Grand Prix du Roman Métis 2012 à Tierno Monénembo

Annoncé à Saint-Denis-de-La-Réunion, la troisième édition du Grand Prix du roman Métis récompense Tierno Monénembo pour Le terroriste noir (Seuil). Le jury est présidé par Mohammed Aïssaoui. Les deux précédents lauréats ont été Maryse Condé en 2010 et Lyonel Trouillot en 2011. Tierno Monénembo a été prix Renaudot en 2008 pour Le Roi de Kahel. Sa littérature explore une mémoire commune entre Guinée, son pays natal, où il vit, et la France.

Le mot de l’éditeur :

Tout commence en lisière de la forêt des Vosges, un jour de 1940, quand un père et son fils partis cueillir des champignons tombent par hasard sur un « pauvre nègre » endormi au pied des arbres. Conduit au village, ce jeune Guinéen adopté en France à l’âge de 13 ans, à la fois austère et charmeur, y fera sensation. Il saura enflammer les cœurs, s’attirer des protections. Mais ce n’est qu’un début : en 1942, il entre en contact avec la Résistance et crée un des premiers maquis de la région. Lancés sur ses traces, les Allemands l’appelleront « le terroriste noir ».

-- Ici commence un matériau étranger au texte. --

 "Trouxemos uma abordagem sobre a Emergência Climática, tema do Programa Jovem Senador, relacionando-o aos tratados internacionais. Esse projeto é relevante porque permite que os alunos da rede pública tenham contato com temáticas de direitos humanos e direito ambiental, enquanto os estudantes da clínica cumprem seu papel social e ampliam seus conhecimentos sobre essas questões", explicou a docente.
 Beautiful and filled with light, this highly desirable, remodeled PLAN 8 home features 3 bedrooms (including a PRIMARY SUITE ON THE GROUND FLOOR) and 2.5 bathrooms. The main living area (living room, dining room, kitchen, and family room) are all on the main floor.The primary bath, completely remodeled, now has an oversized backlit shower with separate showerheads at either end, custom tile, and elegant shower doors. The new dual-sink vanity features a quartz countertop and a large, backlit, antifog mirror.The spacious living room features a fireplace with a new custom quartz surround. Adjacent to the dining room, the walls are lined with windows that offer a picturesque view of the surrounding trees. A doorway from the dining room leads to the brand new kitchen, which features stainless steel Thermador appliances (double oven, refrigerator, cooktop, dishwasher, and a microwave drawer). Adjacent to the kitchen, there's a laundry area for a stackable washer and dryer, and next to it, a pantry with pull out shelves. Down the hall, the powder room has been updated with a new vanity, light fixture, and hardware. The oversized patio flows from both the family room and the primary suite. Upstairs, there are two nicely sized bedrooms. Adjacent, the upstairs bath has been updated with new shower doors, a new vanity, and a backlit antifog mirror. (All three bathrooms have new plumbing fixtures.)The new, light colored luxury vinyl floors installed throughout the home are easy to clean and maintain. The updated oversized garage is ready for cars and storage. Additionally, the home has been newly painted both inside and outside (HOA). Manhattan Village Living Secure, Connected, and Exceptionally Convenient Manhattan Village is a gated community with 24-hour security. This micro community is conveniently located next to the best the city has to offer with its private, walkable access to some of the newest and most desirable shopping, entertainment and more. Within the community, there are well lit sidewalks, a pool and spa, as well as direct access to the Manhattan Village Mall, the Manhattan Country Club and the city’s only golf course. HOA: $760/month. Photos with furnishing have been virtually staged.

Qui a trahi Addi Bâ ? Une de ses nombreuses amantes ? Un collabo professionnel ? Ou tout simplement la rivalité opposant deux familles aux haines séculaires ? À travers cette figure fascinante, c’est tout un pan méconnu de notre histoire qui défile : ceux que l’on appelait les tirailleurs sénégalais. C’est aussi la vie quotidienne de la population des Vosges, évoquée par Tierno Monénembo avec une verve irrésistible… comme s’il s’agissait d’un village africain.

Voir le site d’Etienne Guillermond : Addi Bâ Mamadou, héros méconnu de la résistance.

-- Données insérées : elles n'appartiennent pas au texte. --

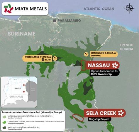 "Mit dieser Transaktion verfügt Miata nun über das Potenzial, sowohl Sela Creek als auch Nassau zu 100 % zu besitzen, wodurch wir die volle strategische Kontrolle über unser Goldportfolio in Suriname haben", sagte Dr. Jacob Verbaas, CEO von Miata. "Wir treiben unser Vorzeige-Goldprojekt Sela Creek weiter systematisch voran, wo unser technisches Team ein großflächiges orogenes System auf 215 km² durch Bohrungen erprobt. Wir freuen uns, dieses Abkommen bei Nassau abzuschließen, da es unsere langfristige Position in den produktiven Grünsteingürteln von Suriname stärkt. Nassau liegt in einer Linie mit den produzierenden Minen Rosebel und Merian*, ist über eine Straße erreichbar und liegt in der Nähe einer wichtigen Infrastruktur. Wie Sela Creek glauben wir, dass auch das Projekt Nassau nun die richtige Grundlage hat, um einen dauerhaften Wert für unsere Aktionäre in Surinames vielversprechendem Goldgürtel aufzubauen."

Au Médicis 2012, Féerie générale, Rétrospective, Congo, quelle histoire !

Le prix Médicis 2012 a été attribué à Emmanuelle Pireyre pour Féerie générale (L’Olivier). Son éditeur présente son livre comme « mêlant humour et érudition pour aborder le rôle de l’argent, la démilitarisation de l’Europe, la question du voile, le bonheur écologique » et « faisant littérature avec une langue actuelle, écrite et orale, celle des forums internet ».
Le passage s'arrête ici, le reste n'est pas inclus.